I do know that we don’t know yet a lot about the brain and how it works exactly, but I assume that unless we start experimenting on live people that kind of “knowledge” will never be actually “knowledgeable”, and I will never accept to subject the human being to be the expendable in the name of science.
Nor I. (Funny how that morality has changed over time!)
Not necessarily… and if you are not skeptical (in the extreme sense) you shouldn’t limit your worldview to what you see and what you feel, or else you would have no reason (other than biological empathy) not to be “evil” (which many people are, including me) or to be “good”.
Many people equate skepticism to a refusal to consider non-natural phenomena. This is not correct, skepticism is just a refusal to consider non-natural phenomena without robust evidence. Granted, science and non-natural phenomena are mutually exclusive, but this just begs the question: Why believe it if you can’t prove it’s true? Skepticism isn’t the prior denial of the supernatural, it’s the resultant denial through lack of evidence.

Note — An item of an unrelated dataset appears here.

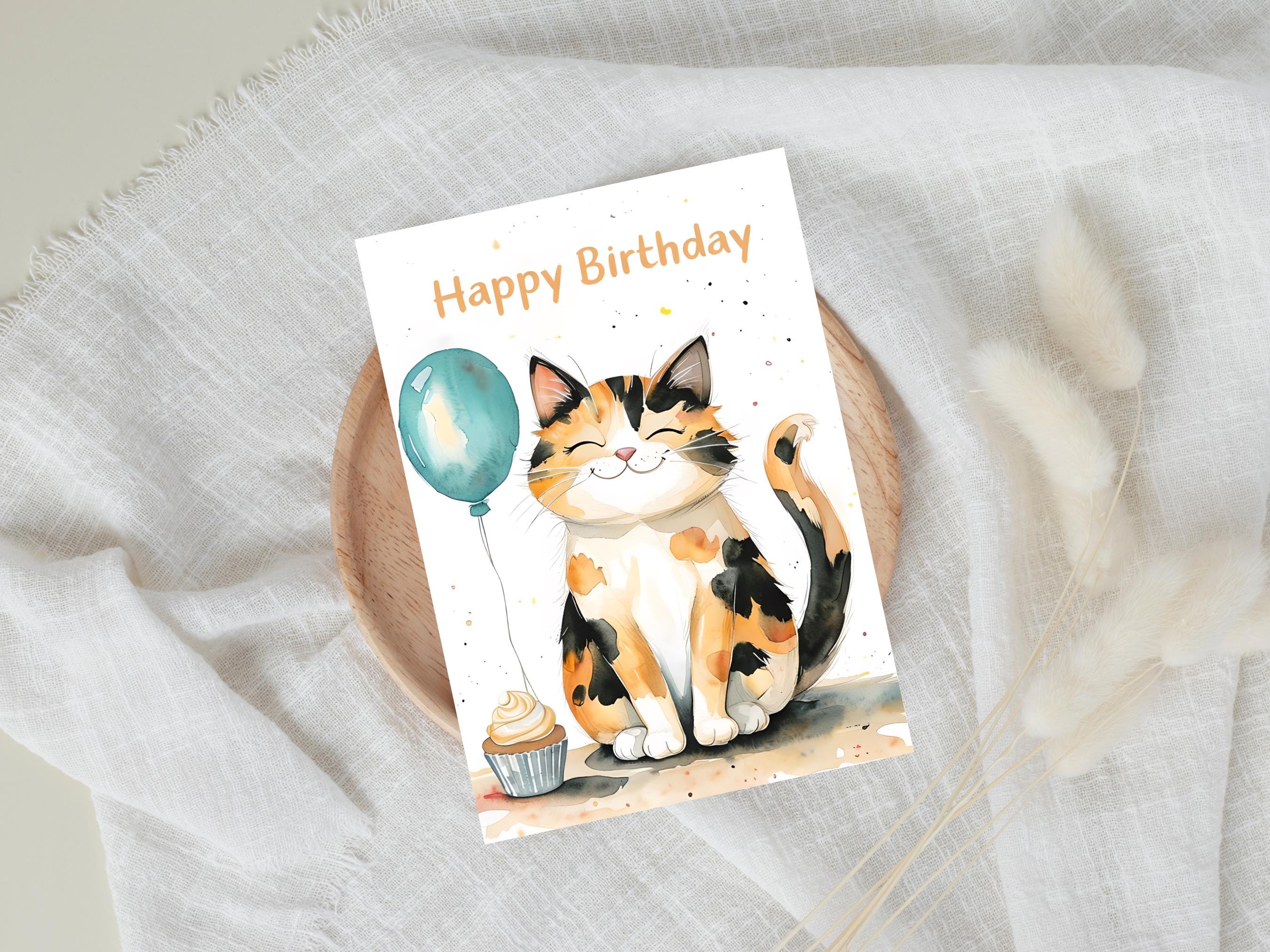 Tabby Cat Birthday Card Cat Kitten Happy Birthday Cat Card for Cat ...

I know of no reason other than those I gave in my last post not to be evil, or greedy, or malicious, or anything else considered “immoral.” I believe that it’s this cultural evolution that has formed our morality, and our cultural evolution is a dependent product of our biological evolution.

And we’ve already seen (unless you still dispute this), that naturalism doesn’t lead to moral depravity. The evidence is all around you, evident in the millions of naturalists that lead moral lives.

Why do you say you are evil? Or did I misunderstand you?
And I must ask you again, how and why do you think morality changes?
I’ve already answered this, haven’t I? Morality changes to meet the changing needs of the culture within which it resides. That’s the “why” at least. The “how” can be a number of ways - pressure groups (ie. suffragettes), peer pressure (vegetarianism), and so on.
 
Yes and no.

I don’t see people owning up for their responsibilities. Abortion is one of the most obvious choices that clearly tell me that atheists (and people from all religions) don’t care about what is “good” or what isn’t… it’s just what “feels” good and what doesn’t.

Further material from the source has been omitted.